The state cannabis agency approved regulations on Tuesday that will expand the adult-use market from distressed farmers and justice-impacted individuals to the broader public. Applications will open October 4.
The new rules come at a tense time for New York’s market as farmers across the state are sitting on hundreds of thousands of pounds of unsold cannabis and new, licensed stores remain blocked from opening by a court injunction. Only 23 legal stores are open across the state while illegal stores remain widespread.
Chris Alexander, executive director of the Office of Cannabis Management, acknowledged those concerns at the meeting.
“I acknowledge our licensees who are working diligently to get open and I just want to express on behalf of the office our continued commitment to the success of those licensees,” Alexander said.
He said the agency is “building the fairest, most competitive cannabis industry in the nation.”
The regulations, passed by the state’s Cannabis Control Board at an often-turbulent Albany meeting, will also allow new companies to enter the medical market for a $200,000 registration fee. They would then have to apply again to enter the general adult market.
The entry of the state’s current medical marijuana companies into the broader market, approved as expected at the meeting, generated many of the most heated comments. Many are well-capitalized corporations with operations across a number of states that smaller businesses view as a threat to their ability to gain traction in the legal market.
In advance of the final regulations passing, the state’s Office of Cannabis Management had awarded hundreds of temporary licenses over the past year to cultivators, processors and retailers from social equity groups to help jumpstart the legal market.
But that effort has largely fallen short so far as 440 people who have been awarded conditional retail licenses — or “CAURDs” — remain blocked from opening by a court injunction after a group of veterans sued the state for not opening applications to all social equity groups at once that were enumerated in the marijuana legalization law.
Forty people stood before the state Cannabis Control Board to give public comments on the regulations at the Albany meeting. Nearly all of them criticized the state for allowing medical operators to enter the adult-use market.
In a draft of the adult-use regulations released last November, the state proposed that medical operators would have to wait three years from the first retail sale in order to enter the market. That was cut down to one year when a new version of the regulations was released in May.
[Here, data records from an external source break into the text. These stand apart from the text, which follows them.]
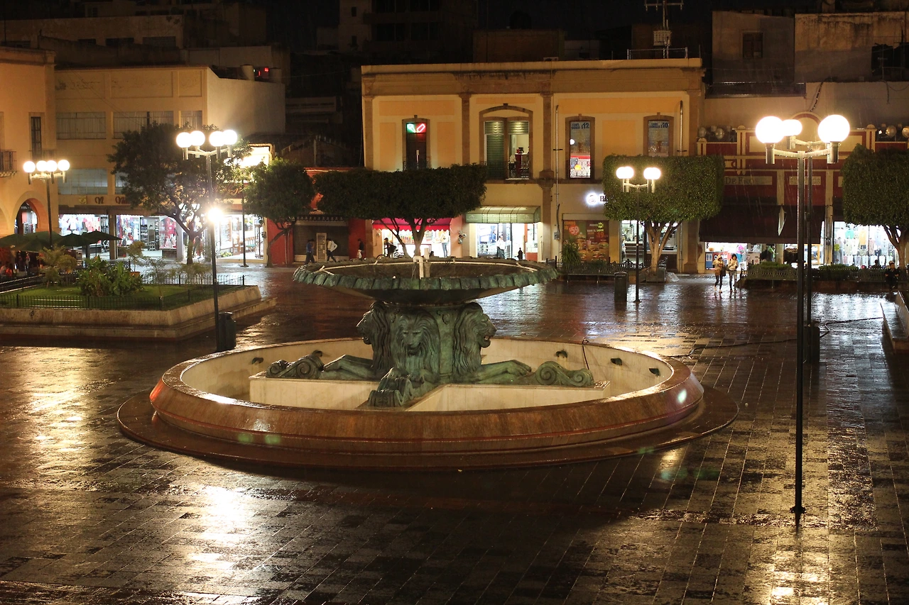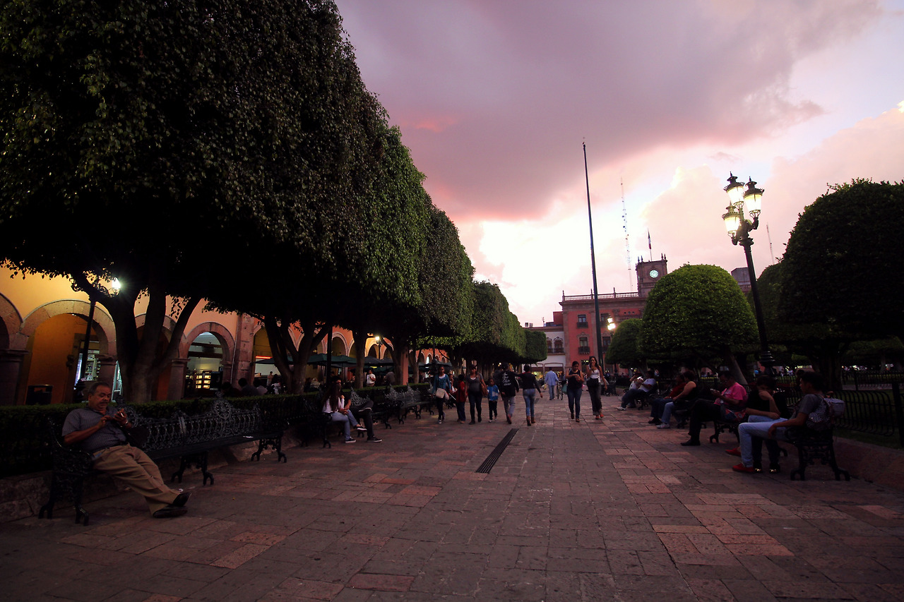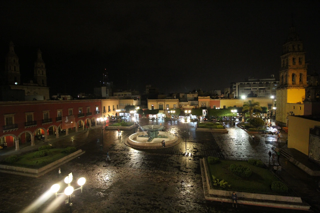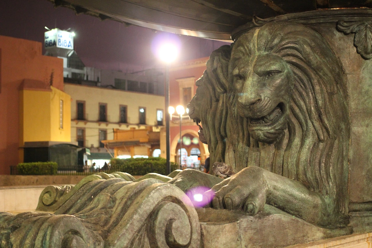 어느 도시에 가나 가장 중심에 있는 센뜨로 광장. 사자 분수대, 성당, 시청, 각종 레스토랑이 이 근처에 밀집해 있다. 앞에 소개한 성당과도 멀지 않다. 나는 이곳 쏘깔로의 모습이 과나후아또랑 좀 닮았다고 생각했는데, 아마 네모난 모양으로 오밀조밀하게 정리되어 있는 나무들과 평화로운 분위기 때문인 것 같다. 이날 나는 노을에 정신이 팔려서 낮의 모습을 사진으로 남긴 것이 없는데, 낮의 인상은 한마디로 그냥 '초록초록'하다. 앉아서 쉬어가거나 여유를 즐기기에 적당한 곳이다.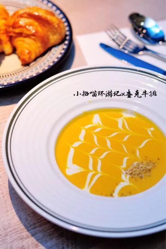 作为小吃货招妹当然不能错过啦进口高品质牛排这品质你不得不服厚厚的一块切开~纹理清晰汁多肉美牛排的香嫩简直让人无法拒绝 牛角包与南瓜汤的故事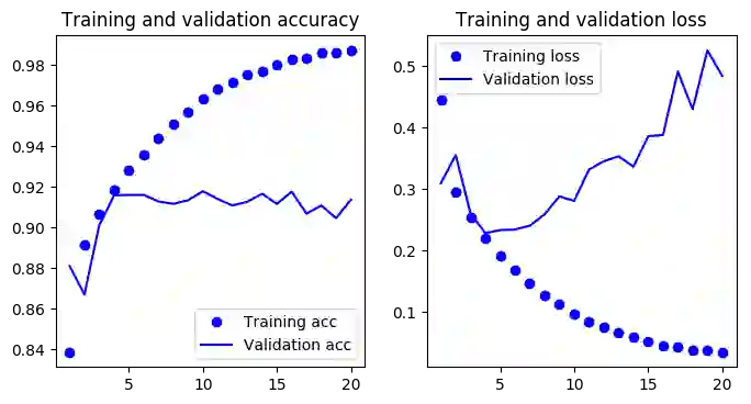 效果一下子出来了,训练精度 98.71% 但是验证精度只有 91.36%,明显的过拟合。画个图看的更明显。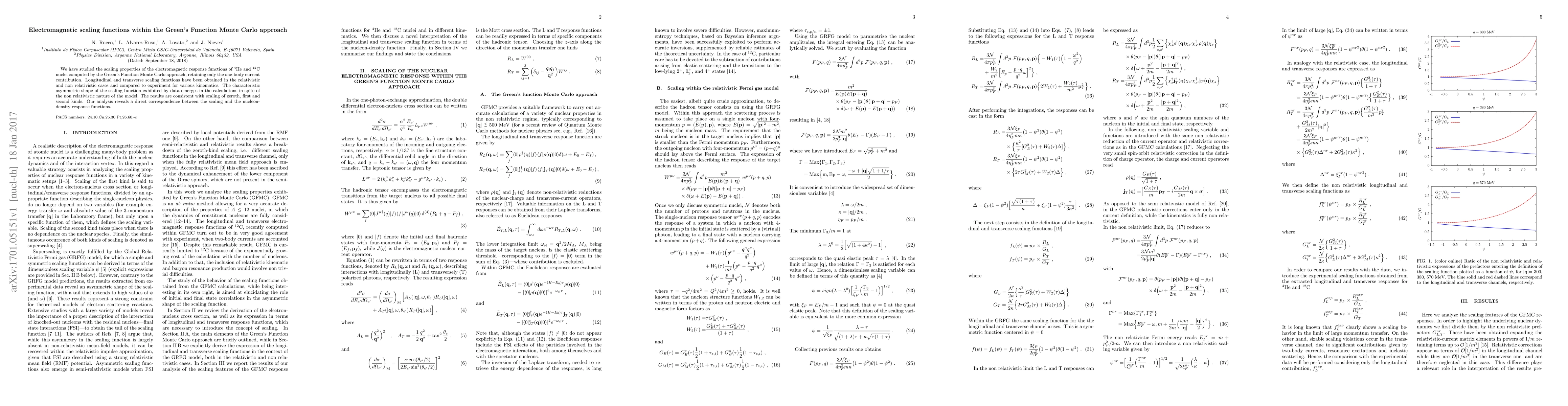 This paper investigates the electromagnetic response functions of $^4$He and $^{12}$C nuclei using the Green's Function Monte Carlo approach, focusing on one-body current contributions. The study reveals consistent scaling behaviors across relativistic and non-relativistic models, highlighting a correspondence between scaling functions and nucleon-density response functions.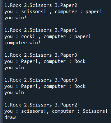 각각의 번호에는 rock, scissors, paper 값을 부여하였다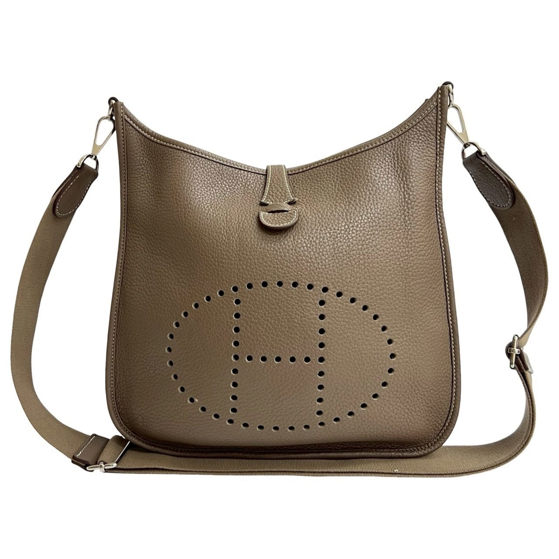 □N HERMES Evelyn 3 Taurillon Clemence Leather Shoulder Bag/Pochette/Sacoche/Etoupe 18104

“The process is a little disappointing,” Nicole Ricci, the President of NY Small Farma Ltd., an advocacy group, said while addressing the room. “Just passing it immediately and taking testimony after the fact makes it all seem like we’re just barking at the wall.”
Ricci represents one of several groups that sent a letter to the agency on Monday calling for the state to reconsider some of its regulations.
“The entire point of the conditional program was to attempt to assist small players in NYS before out-of-state corporate players moved in and perverted cannabis cultivation to solely focus on profit over quality and community,” said the letter reviewed by THE CITY.
Cannabis farmers — many who are in their second season of growing cannabis and have few places to sell their product — have also been left stranded by the shortage of open shops.
“We don’t have the ability to hold tight while the government figures things out,” Jillian Dragutsky said to the agency board. “We put everything into this — we are hurting and by no fault of our own.”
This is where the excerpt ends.